CALCIUM HYDROXIDE REALCALIZER PROCEDURE

1. Description

The basics of electrochemical realization methods are contained in a large number of publications. The procedure itself must therefore be assumed to be known. For example, Explanation of corrosion protection problems in

- 'Corrosion and corrosion protection (part 5), electrochemical protection processes for reinforced concrete structures' Documentation D065 by the Swiss engineer and architect verems Zurich

1.1 Procedural principles

1.1.1 Concrete carbonation and real quaying in nature:

The carbonation area of the concrete edge zone (3-5cm concrete top layer with reinforcement layer) is found as a scattering area at a depth of up to approx. 30mm. Greater carbonation depths are rare and more than 40-50mm are practically never reached.

Conversely, horizontal concrete surfaces rarely have a greater carbonation depth than 3-7mm. The reason lies in the moisture and drying behavior of such concrete edge zones under natural weathering. This results in moisture-dependent ion transport and diffusion phenomena in the concrete edge zone with the formation of more or less pronounced sealing zones in the immediate concrete top layer. This behavior leads to a constant natural realizing process in wet times, interrupted by carbonation in dry periods

1.1.2 Deriving processes from the natural process

The purpose of the CH realizing process is to comprehend the above mentioned realizing processes observed in nature and to restore the alkaline milieu in the already carbonated concrete and in the reinforcement area Mittel electrochemically supported wet / dry cycles, the behavior in nature is reproduced in a time-lapse process and the carbonated edge zone area is restored to an alkaline state (realized). In addition, the concrete surface can be provided with a seal in order to permanently maintain the realization

1.1.3 State of alkalinity in existing reinforced concrete structures

Depending on the water cement value WZ (ratio of added water / cement content), the cement stone in the finished concrete contains 10-15 vol% calcium hydroxide Ca (OH) ₂ (gel water), corresponding to approx. 30-45 liters per m ³ concrete at carbonation depths of 20mm ( Carbonation Ca (OH) 2 + CO2 -> CaCθ3 + H2O) the concrete lacks about 0 5-1 liters per m ^{2 of} surface in the upper layer. The task of the CH realizing process is then to compensate for this deficiency from the core concrete reservoir

1.2 Execution of the procedure

1.2.1 Procedure with cycles

The free mobility of the gel water in the crystalline needle felt of the cement stone is fundamentally hampered by adsorption forces on the inner surface of the building material. Overcoming these forces by suitable dimensioning of the electrical field (E field), the duration of the process application and the number of process cycles with alternating (cyclical) water ZDrying treatment is the task of the process. The use of wet / dry cycles alternating between electrochemical ion transport and air-water transport phases leads to step-wise alkalinity accumulation in the concrete top layer. Controlled ion transport is achieved and prevents a larger part of the OH ions from entering the outside Electrolytes escape

The sequence of the wet / dry cycles and the termination of the application of the process takes place according to the charge that has been made and is controlled on the basis of the number of coulombs flowed through.
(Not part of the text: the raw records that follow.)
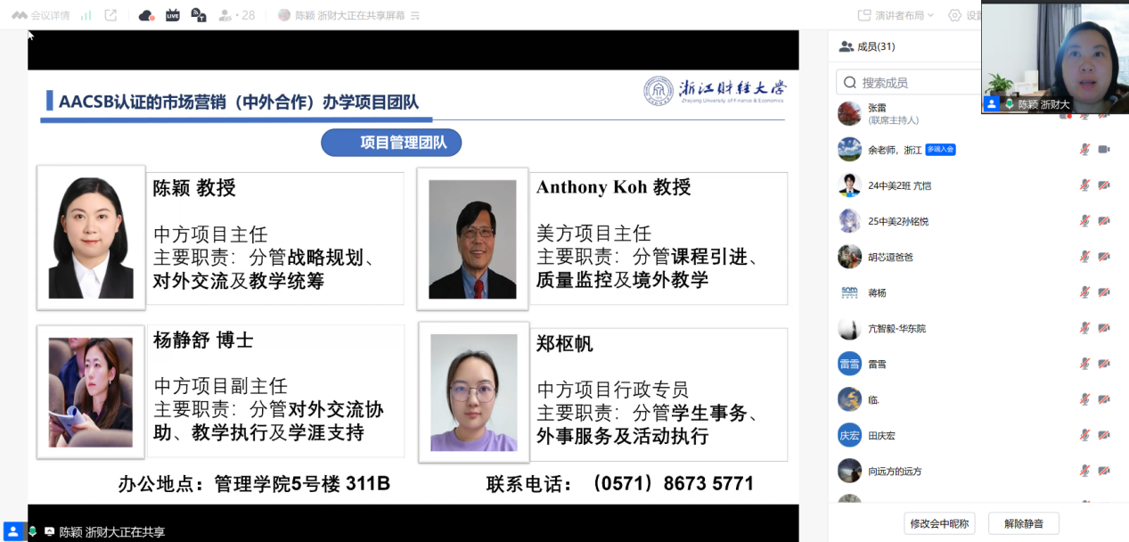 11月23日晚,六合彩预测 市场营销(中外合作办学项目)始业教育活动,通过线上腾讯会议+直播形式成功举办。本次活动以“美国托莱多大学留学:Why, What and How”为核心主题,汇聚六合彩预测 领导、项目团队教师、美国托莱多大学代表、访学学生代表,与2024级、2025级项目学生及家长近120余位共赴云端之约,全方位解读项目优势、留学路径与成长机遇。活动由市场营销(中外合作办学项目)中方项目主任陈颖教授主持。
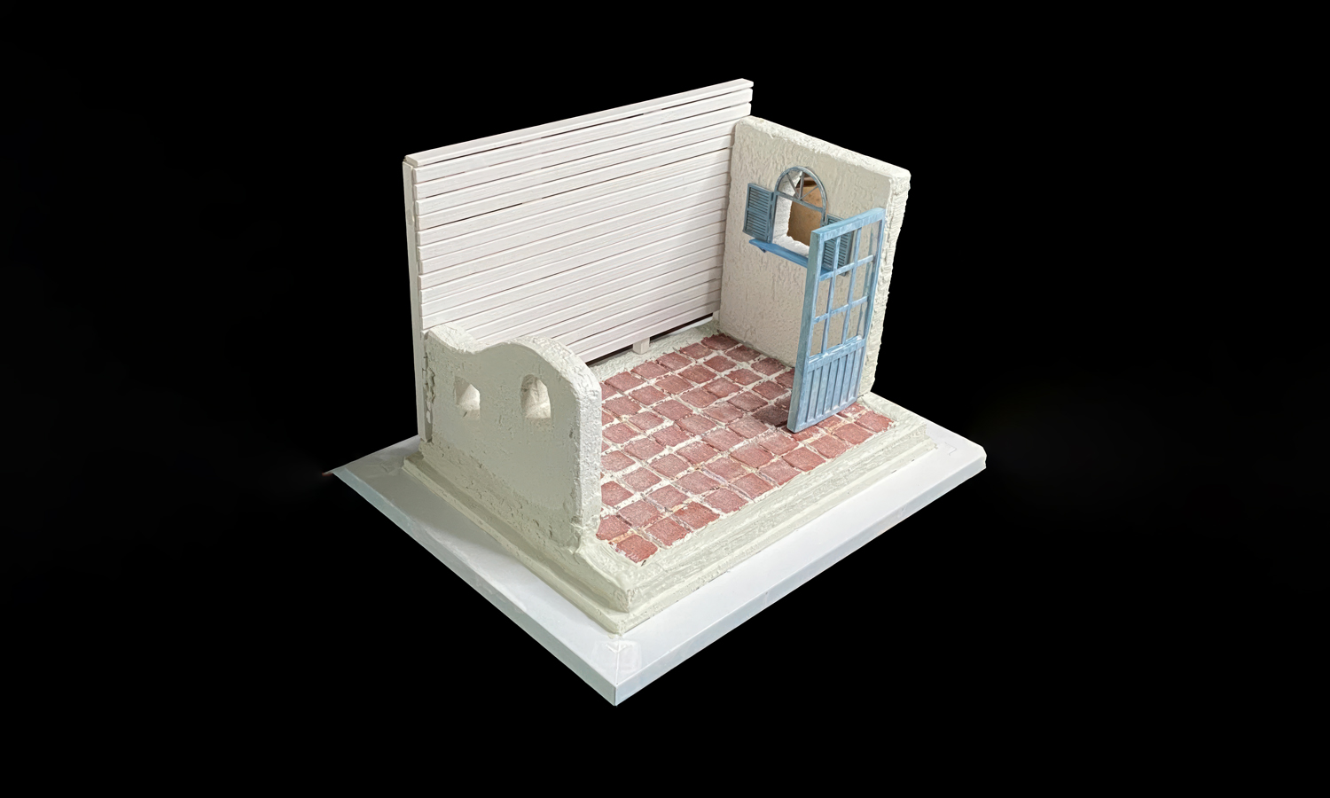 - Step 14: Painting was completed. Terracotta tones were airbrushed on tiles; stucco was finished in warm off-white; the door and shutters were painted pastel turquoise with panel-line accents.
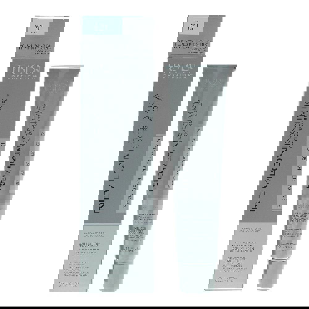 Shade 8.21 is a light blonde with iridescent ash tonal direction, suitable for use as part of professional colour application and mixing systems within the Revlonissimo Colorsmetique portfolio.
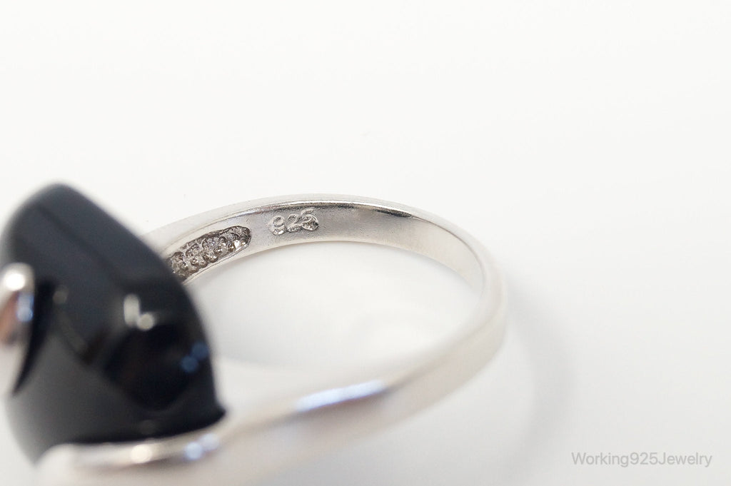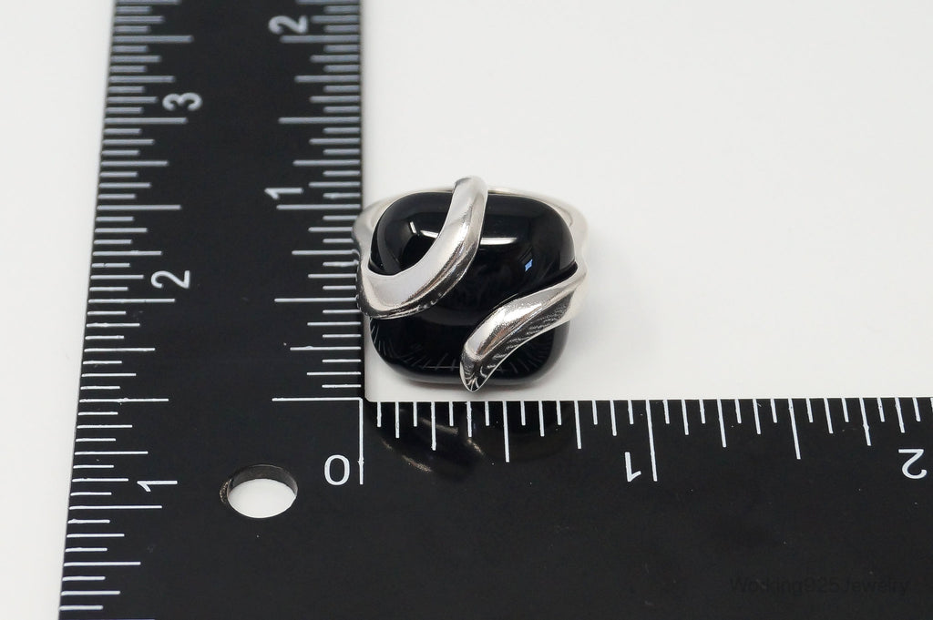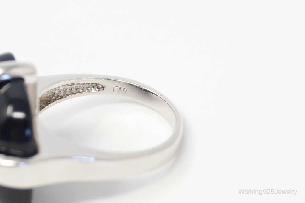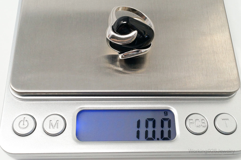 Vintage Designer FAS Black Onyx Sterling Silver Ring - Size 8.25

Permanent monitoring of the E field is essential Drawing 1

The effectiveness of the performance components shown and their interaction differs from building to building.Therefore, diagnostic preliminary examinations must be carried out to determine which capillary porosity (test according to SIA 162/1), arrangement and statistical depth distribution of the reinforcement (test with a concrete cover measuring device) and the carbonation spreading range ( Test with phenolphthalein test).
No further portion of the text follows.